Risk Mitigation and Risk Reduction Controls for Information Security

C.

Security is generally defined as the freedom from danger or as the condition of safety.

Computer security, specifically, is the protection of data in a system against unauthorized disclosure, modification, or destruction and protection of the computer system itself against unauthorized use, modification, or denial of service.

Because certain computer security controls inhibit productivity, security is typically a compromise toward which security practitioners, system users, and system operations and administrative personnel work to achieve a satisfactory balance between security and productivity.

Controls for providing information security can be physical, technical, or administrative.

These three categories of controls can be further classified as either preventive or detective.

Preventive controls attempt to avoid the occurrence of unwanted events, whereas detective controls attempt to identify unwanted events after they have occurred.

Preventive controls inhibit the free use of computing resources and therefore can be applied only to the degree that the users are willing to accept.

Effective security awareness programs can help increase users level of tolerance for preventive controls by helping them understand how such controls enable them to trust their computing systems.

Common detective controls include audit trails, intrusion detection methods, and checksums.

Three other types of controls supplement preventive and detective controls.

They are usually described as deterrent, corrective, and recovery.

Deterrent controls are intended to discourage individuals from intentionally violating information security policies or procedures.

These usually take the form of constraints that make it difficult or undesirable to perform unauthorized activities or threats of consequences that influence a potential intruder to not violate security (e.g., threats ranging from embarrassment to severe punishment)

Corrective controls either remedy the circumstances that allowed the unauthorized activity or return conditions to what they were before the violation.

Execution of corrective controls could result in changes to existing physical, technical, and administrative controls.

Recovery controls restore lost computing resources or capabilities and help the organization recover monetary losses caused by a security violation.

Deterrent, corrective, and recovery controls are considered to be special cases within the major categories of physical, technical, and administrative controls; they do not clearly belong in either preventive or detective categories.

For example, it could be argued that deterrence is a form of prevention because it can cause an intruder to turn away; however, deterrence also involves detecting violations, which may be what the intruder fears most.

Corrective controls, on the other hand, are not preventive or detective, but they are clearly linked with technical controls when antiviral software eradicates a virus or with administrative controls when backup procedures enable restoring a damaged data base.

Finally, recovery controls are neither preventive nor detective but are included in administrative controls as disaster recovery or contingency plans.

Reference(s) used for this question Handbook of Information Security Management, Hal Tipton.

The correct answer is C: Physical, technical, and administrative.

Risk mitigation and risk reduction controls are an essential part of information security management.
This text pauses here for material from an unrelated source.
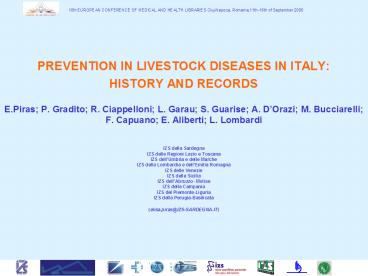 Title: PREVENTION IN LIVESTOCK DISEASES IN ITALY:

They are implemented to minimize the negative impact of potential security incidents and to ensure the confidentiality, integrity, and availability of information assets.
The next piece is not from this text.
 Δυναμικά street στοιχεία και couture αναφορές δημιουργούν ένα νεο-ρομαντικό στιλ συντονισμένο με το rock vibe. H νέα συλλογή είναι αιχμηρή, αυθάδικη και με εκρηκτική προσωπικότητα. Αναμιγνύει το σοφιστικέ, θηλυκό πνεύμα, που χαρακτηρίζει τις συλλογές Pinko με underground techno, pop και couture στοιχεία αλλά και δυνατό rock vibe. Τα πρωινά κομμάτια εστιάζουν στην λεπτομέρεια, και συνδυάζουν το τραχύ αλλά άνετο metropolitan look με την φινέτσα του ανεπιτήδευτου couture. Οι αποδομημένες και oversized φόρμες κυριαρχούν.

The controls can be classified into three main categories based on their purpose and functionality:

1. Physical controls: These controls are designed to protect the physical environment in which the information assets are located. Examples include security cameras, access control systems, locks, fences, and environmental controls (e.g., fire suppression systems).
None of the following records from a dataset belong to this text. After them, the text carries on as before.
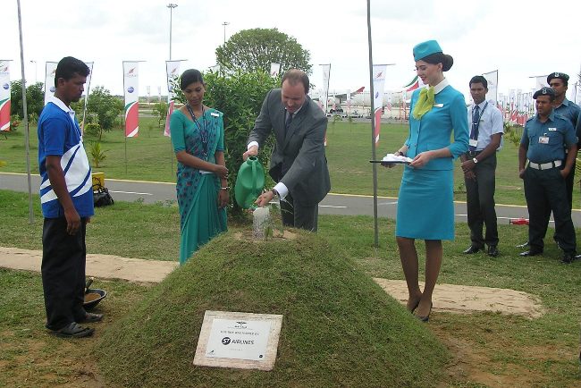 Итак, после 2-х часового отдыха, мы проследовали из гостиницы по терминалу прямо к гейту посадки и вошли в самолет. Через час мы приземлились в аэропорту Маттала и, как говорят, «с корабля на бал». Перед началом торжества состоялась очень красивая церемония – представители авиакомпаний альянса сажали маленькие деревца в парке перед терминалом аэропорта. От российской делегации в церемонии приняли участие директор по стратегическому развитию S7 Airlines Вадим Бесперстов и бортпроводница Алина Лукьянчикова.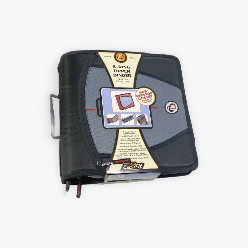 Case-it King Sized Zip Tab 3" 3-Ring Zipper Binder Black and Gray (D-145 BLK)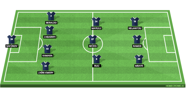 Probable Lineup (4-3-3): Safonov; Zaire-Emery, Kamara, Zabarnyi, Berlado; Mayulu, Neves, Ruiz; Mbaye, Ramos, Ndjantou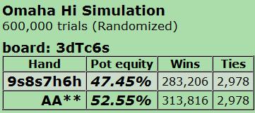 Это приводит нас к пот-лимитной омахе (PLO). Я долгое время не обращал особого внимания на PLO. Много слышал о том как весело и прибыльно в нее играть, но сам не пробовал до 2008 г., и заходил в нее больше для разнообразия (я много играл в холдем в то время). Я барахтался без особого понимания как нужно играть в эту игру, но начал постепенно получать какое-то представление о ней. Также заметил, что оппоненты часто совершают ужасные ошибки, и уровень игроков напомнил мне о холдеме “старых” времен.

2. Technical controls: These controls are designed to protect the information assets through technological means. Examples include firewalls, intrusion detection systems, encryption, antivirus software, and patch management.

3. Administrative controls: These controls are designed to manage the human behavior and policies that affect information security. Examples include security policies, awareness training, access controls, background checks, and incident response plans.

It is important to note that the three categories of controls are interdependent and should be implemented in a balanced way to provide effective information security. For example, physical controls can be bypassed by exploiting technical vulnerabilities, and technical controls can be rendered ineffective by human error or inadequate policies and procedures.

Therefore, a comprehensive information security program should include a combination of physical, technical, and administrative controls to provide layered protection against potential threats and risks.